Park joined the agency Namoo Actors in 2016 and made her debut as an actress in 2017.

Park landed her first leading role in the 2018 South Korean horror film Gonjiam: Haunted Asylum, directed by Jung Bum-shik. The film, which is based on a real-life psychiatric hospital, follows a web series crew that travels to an abandoned lunatic asylum for a live broadcast. Starring alongside Wi Ha-joon, Park Sung-hoon, and others, Park's performance was nominated for Rookie of the Year at both the 39th Blue Dragon Film Awards and the Chunsa Film Art Awards. The film opened theatrically in South Korea on March 28, 2018. A commercial success, the film became the third most-watched horror film in South Korea after A Tale of Two Sisters and Phone. Later, it was screened at the 20th Udine Far East Film Festival.

She has taken on several roles in films and television dramas since her debut, including those in Your Honor (2018) and The Divine Fury (2019).
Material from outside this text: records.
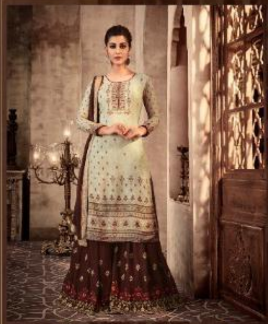
★ Glamour-68001 ★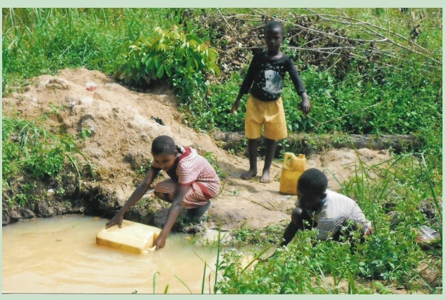
Namulondo spring, Bamba before protection

(i) PROTECTING /IMPROVING COMMUNITY WATER SOURCES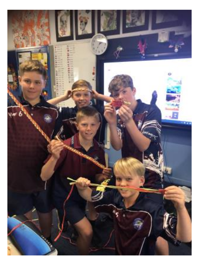
Beanies for Brain Cancer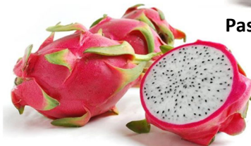
White Dragon Fruit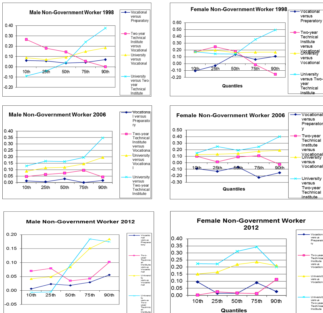
FIGURE 3. Incremental Rates of Return to Education in the Non-Government Sector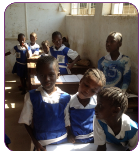
First Grade Students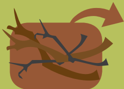
twigs and small branches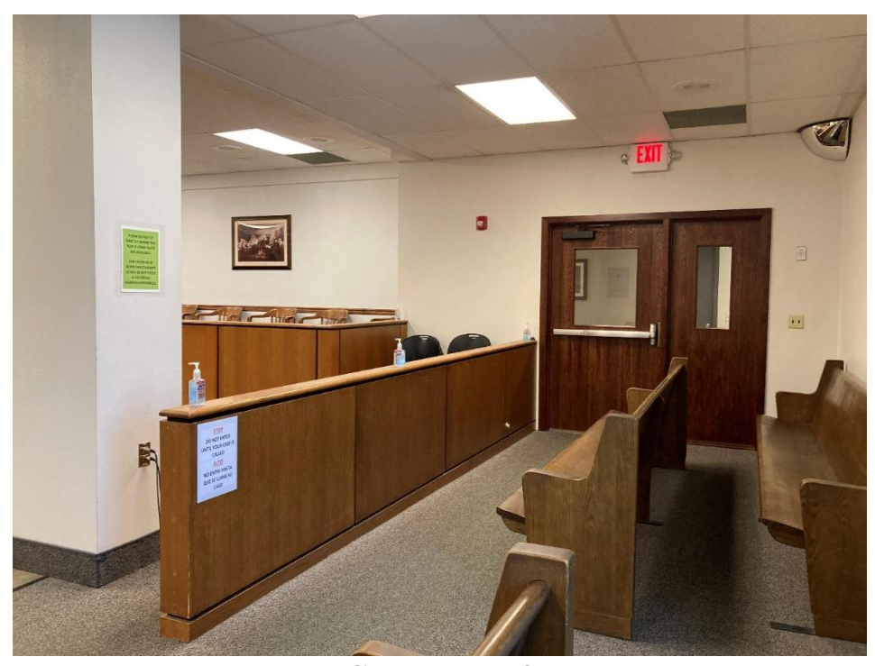
Courtroom #3 Note beam with green post obstructing the view of spectators/defendants seated in the spectator benches.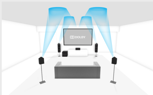
Perspective detail for 5.1.4 setup

This refers to how many overhead or Dolby Atmos enabled speakers you can use in your Dolby Atmos capable setup.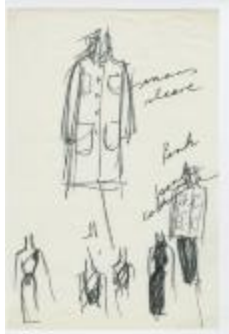
Pink Coat with Assortment of Dresses (KA0035_000086)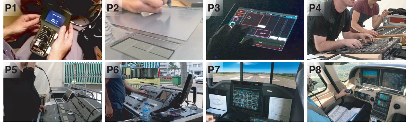
Figure 2. Participants using knobs and sliders in their professional activity: (P1) a cameraman with 4 knobs and a slider on a custom made device; (P2) a graphic designer using a graphic tablet and a slider placeholder; (P3) a light artist using custom knobs and sliders on a tablet in a dark environment; (P4) a light engineer using physical knobs and sliders while observing a stage; (P5) a sound engineer communicating with musicians on the far stage while using sliders; (P6) a sound engineer controlling a knob while watching a screen; (P7) a pilot using flight simulator for his training; (P8) a pilot using physical controls in a flight.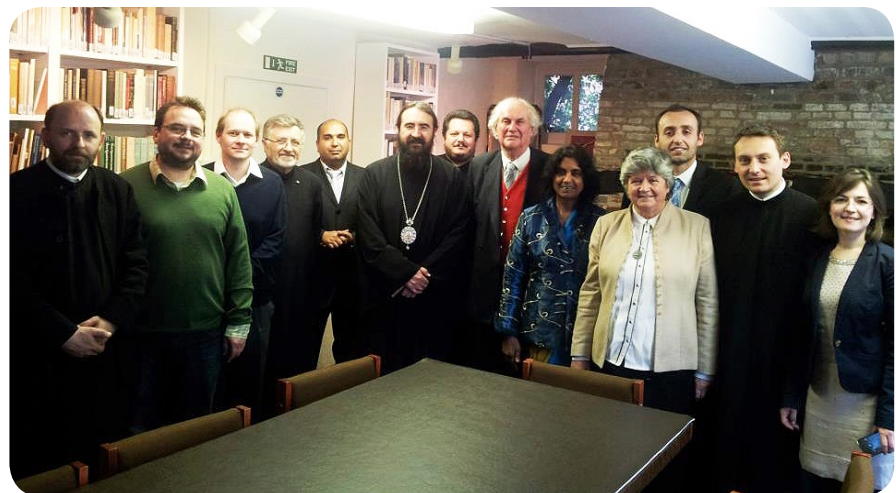
The Institute was delighted to receive in May a visit from one of its Bishops, the Romanian Metropolitan Iosif, at our new home

In 2020, Park took on the supporting role of Lee Jun-kyung in SBS drama Do You Like Brahms?, a role that earned her a nomination for Best New Actress at the 2020 SBS Drama Awards. She followed this with an appearance in the 2021 TVING series Yumi's Cells. In the show, Park played Seo Sae-yi, a programmer who serves as a love rival to protagonist Yumi (played by Kim Go-eun) due to her unrequited feelings for their boss, Goo Woong (played by Ahn Bo-hyun).

Park gained widespread recognition for her portrayal of Mo Hyun-min, the ambitious and intellectually sharp daughter-in-law of the Sunyang Group chaebol family, in the 2022 JTBC fantasy drama series Reborn Rich. The role, opposite lead actors Song Joong-ki and Lee Sung-min, showcased her ability to embody a character driven by unhidden ambition and desire, which she described in interviews as a new experience in expressing such traits without restraint. Park's performance in the series, which became one of the highest-viewed Korean cable dramas, marked a significant breakthrough in her career, elevating her profile after years of supporting roles and leading to increased opportunities.

Park landed her first lead role in the 2024 SBS series Flex X Cop, playing Lee Gang-hyun, a seasoned detective who is also the first female team leader in the violent crime department. It marked her second collaboration with Ahn Bo-hyun. The series was well received by audiences and peaked at an 11.0% viewership rating. Park was awarded the Excellence Award, Actress in a Miniseries Genre/Action Drama, at the 2024 SBS Drama Awards. Park revealed that the physically challenging role made her realize the importance of stamina for an actress, and she began to seriously train in both exercise and ballet.

Park starred in the erotic mystery-thriller film Hidden Face, which was released on November 20, 2024. The film is a remake of the 2011 Spanish-Colombian film The Hidden Face. Park was drawn to the project after enjoying the original and appreciating director Kim Dae-woo's previous work. She took on the role of Kim Mi-joo, starring alongside Song Seung-heon and Cho Yeo-jeong. The film became a box office success, notably becoming the first R-rated film to surpasses 1 million viewers during local theatrical release since 2019. Park was nominated as Best New Actress at the 61st Baeksang Arts Awards.

In 2025, Park starred in the film Forbidden Fairytale. In September, she reunited with Kim Go-eun in the Netflix original series You and Everything Else. For her performance, she was nominated for Best Actress at the 62nd Baeksang Arts Awards and the 5th Blue Dragon Series Awards.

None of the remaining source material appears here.